阿久間(あくま)緋色(ひいろ)です。よろしくお願いします」


 声だけは大人びていて、なかなか好みの声だ……声は、な。


(にしても、変わった名前だな)


「えーっと、阿久間は……うん、とりあえず転校生です! はいよろしくー」


 紹介もテキトーないけちゃんが顔に似合わず可愛らしい、丸っこい字で黒板に書いた、転校生の名前を見やる。

 緋色って、たしか赤に近い橙色……だったか? 色の名前をそのまま付けるとは、変わった親だな。俺もよく、イマドキ珍しいとは言われるけども。

 名前は置いておくとして、なるほど美少女に分類される転校生さんである。


(ま、どうでもいいか……)


 大人しそうなやつは好みじゃないし、俺はロリコンではない。さらに、美少女転校生とお近づきになるなんて野望はないしそんな運も持ちあわせていない。

 俺は誰とも、“近く”はならない。


「じゃあ、席はー……村崎の隣なー。
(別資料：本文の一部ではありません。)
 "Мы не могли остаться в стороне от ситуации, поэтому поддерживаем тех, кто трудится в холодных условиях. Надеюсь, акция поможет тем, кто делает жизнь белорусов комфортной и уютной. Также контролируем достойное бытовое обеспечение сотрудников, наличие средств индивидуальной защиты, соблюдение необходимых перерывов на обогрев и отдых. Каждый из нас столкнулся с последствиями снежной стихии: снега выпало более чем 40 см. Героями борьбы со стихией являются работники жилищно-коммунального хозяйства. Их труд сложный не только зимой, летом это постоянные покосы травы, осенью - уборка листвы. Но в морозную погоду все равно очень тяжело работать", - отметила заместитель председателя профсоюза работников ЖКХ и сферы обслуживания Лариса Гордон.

はい、村崎きりーつ!」


「……んあ? はいよー……」


 まじか。そういや朝来たとき隣に席増えてたなー……。

 渋々立ち上がった。その時、



「やっと、会えた……」



 ……はい?

 えーと、今の声は紛れもなく転校生さんの声ですよね?

 なのに教室を見回すと、全員が窓際最後尾の俺の席を振り返っている。いやいや、なんで俺のほう向いてんの?
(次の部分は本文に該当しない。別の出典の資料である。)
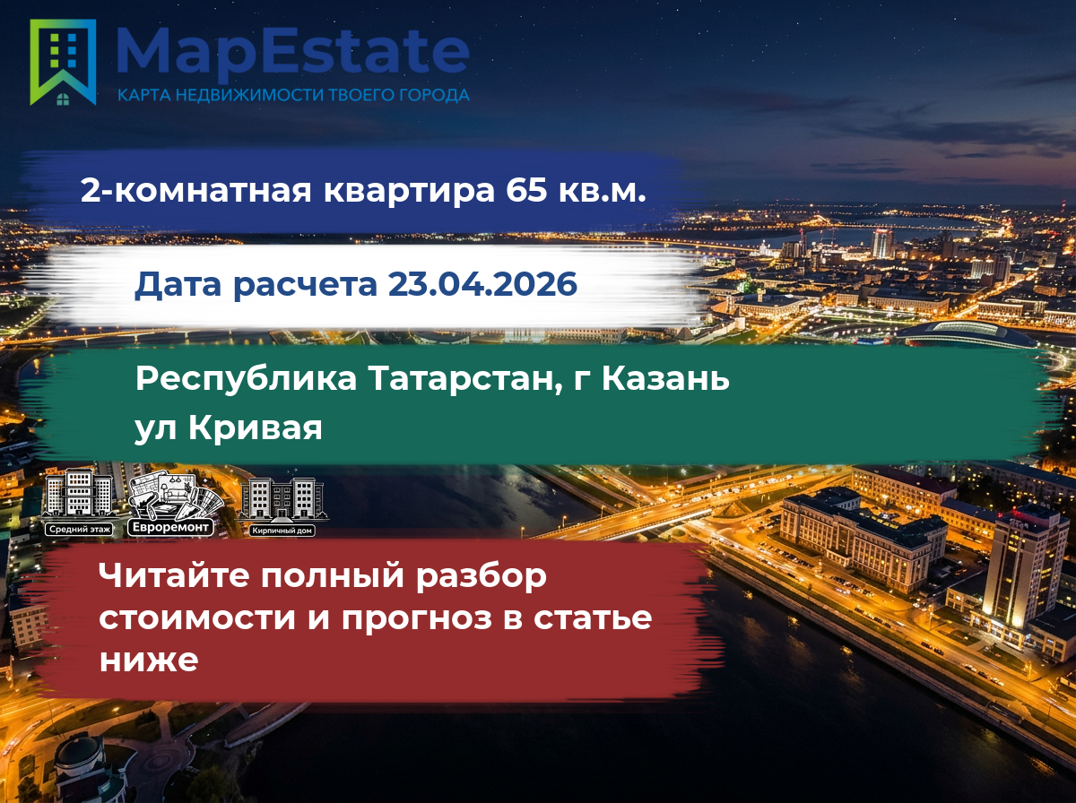 Сколько стоит квартира 65 м² в республика татарстан, г казань, ул кривая?

 阿久間さんを見ると、名前と同じ緋色をした瞳――綺麗な色だ。肌の色といい、どこか外国の血でも混じっているのだろうか――大きなそれと、伸ばされた腕とが、こちらにまっすぐ向けられている。こらこら、人を指さしちゃいかんよ?

 ふむ、クラスの奴らはその視線プラス指を辿ったとみていいだろう。

 つまり。


「え、俺?」


 今さっきの、非現実的な恋愛モノでよくありそうな、「ずっと、捜していたの」なんて続きそうなセリフは、彼女が俺に向かって言ったのか?

 目を白黒させる俺の傍らまで歩いてきた阿久間さんは、オレンジ色の双眸で俺を見上げ――ふっと微笑んだ。


「っへ」


 意外と大人っぽい笑いかたに、心臓が跳ねたのは不可抗力だ。変な声が出たのも仕方ない。

 一瞬、なにかが頭をよぎって――いやいや、そんな場合じゃない。

 ちょっと待て。なんなんだ。なんなんだ、これは。


 まるで二次元の世界――って言ったら失礼かな。

 ……まさかとは思うが、何故だか女子に避けられやすい、彼女いない歴十六年の俺にもついに、春ってやつが来たのか? 秋だけど。どうリアクションをとるべきなんだ、その場合。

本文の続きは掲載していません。